Records excerpted from a collection:
▼
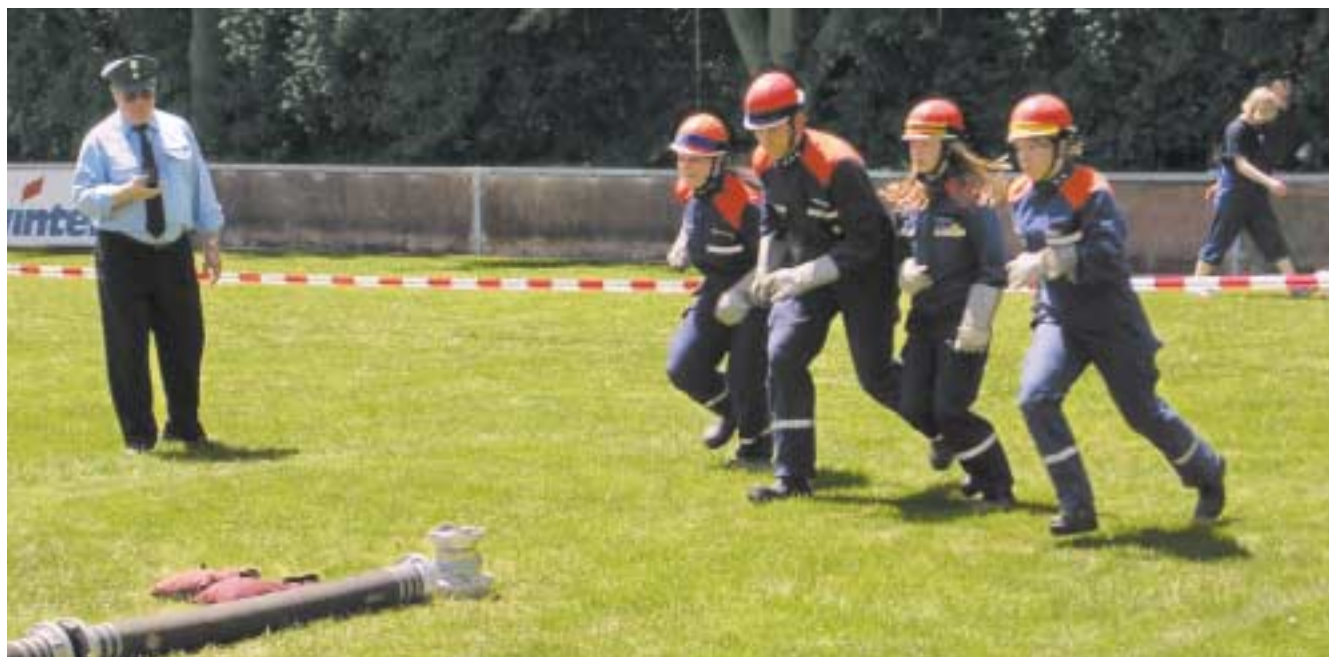
Getreu dem Feuerwehraktionsmotto – wir machen uns fit für morgen – Feuerwehrjugend bei der Ausbildung

In diesem Zusammenhang danke ich allen unseren Arbeitgebern, die uns den ehrenamtlichen Feuerwehrdienst noch ermöglichen. Ich appelliere gleichzeitig an die Arbeitgeber, auch künftig uns für Ausbildung und Einsätze ohne jegliche Nachteile freizustellen.
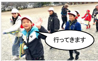
6班から間隔を置いて、出発

このように、「手良の自然に親しむ日」は、子どもたちが自分たちで考えて作り上げる子どもたちが主人公の行事であり、異学年の友だちともっと仲良くなり、手良の文化財や自然に触れて地域を知って地域に親しむ、充実した行事でした。
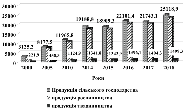
Рис. 2. Динаміка і структура валової продукції фермерських господарств у постійних цінах 2010 року; млн грн

Збільшити показники ефективності використання земельних ресурсів у фермерських господарствах можливо на основі зміни напрямів їх спеціалізації і удосконалення структури виробництва. На сьогодні фермерські господарства виробляють більше 10 млн т зерна, майже 3 млн т соняшнику, їх питома вага у загальному виробництві у 2018 р. становить 14,4 та 19,8 % відповідно. Водночас фермерські господарства виробляють лише 2,7 % овочевої продукції, 5,3 % плодово-ягідної та 0,5 % картоплі. Водночас обсяги виробництва цих культур за період 2000—2018 рр. мають чітку тенденцію до зростання. На нашу думку, саме ці культури є потенціалом зростання ефективності у фермерських господарствах, оскільки можуть забезпечити високу вартість і прибутковість виробленої продукції на основі використання інноваційних технологій, трудових ресурсів села і організаційно-економічних переваг фермерства як форми господарювання.
▲
● Your instructions:
Write out only the lines from the one that contains "In diesem Zusammenhang" through the last line of the records above, both included, word for word and without the pictures.

● Answer for the task:
In diesem Zusammenhang danke ich allen unseren Arbeitgebern, die uns den ehrenamtlichen Feuerwehrdienst noch ermöglichen. Ich appelliere gleichzeitig an die Arbeitgeber, auch künftig uns für Ausbildung und Einsätze ohne jegliche Nachteile freizustellen.
6班から間隔を置いて、出発

このように、「手良の自然に親しむ日」は、子どもたちが自分たちで考えて作り上げる子どもたちが主人公の行事であり、異学年の友だちともっと仲良くなり、手良の文化財や自然に触れて地域を知って地域に親しむ、充実した行事でした。
Рис. 2. Динаміка і структура валової продукції фермерських господарств у постійних цінах 2010 року; млн грн

Збільшити показники ефективності використання земельних ресурсів у фермерських господарствах можливо на основі зміни напрямів їх спеціалізації і удосконалення структури виробництва. На сьогодні фермерські господарства виробляють більше 10 млн т зерна, майже 3 млн т соняшнику, їх питома вага у загальному виробництві у 2018 р. становить 14,4 та 19,8 % відповідно. Водночас фермерські господарства виробляють лише 2,7 % овочевої продукції, 5,3 % плодово-ягідної та 0,5 % картоплі. Водночас обсяги виробництва цих культур за період 2000—2018 рр. мають чітку тенденцію до зростання. На нашу думку, саме ці культури є потенціалом зростання ефективності у фермерських господарствах, оскільки можуть забезпечити високу вартість і прибутковість виробленої продукції на основі використання інноваційних технологій, трудових ресурсів села і організаційно-економічних переваг фермерства як форми господарювання.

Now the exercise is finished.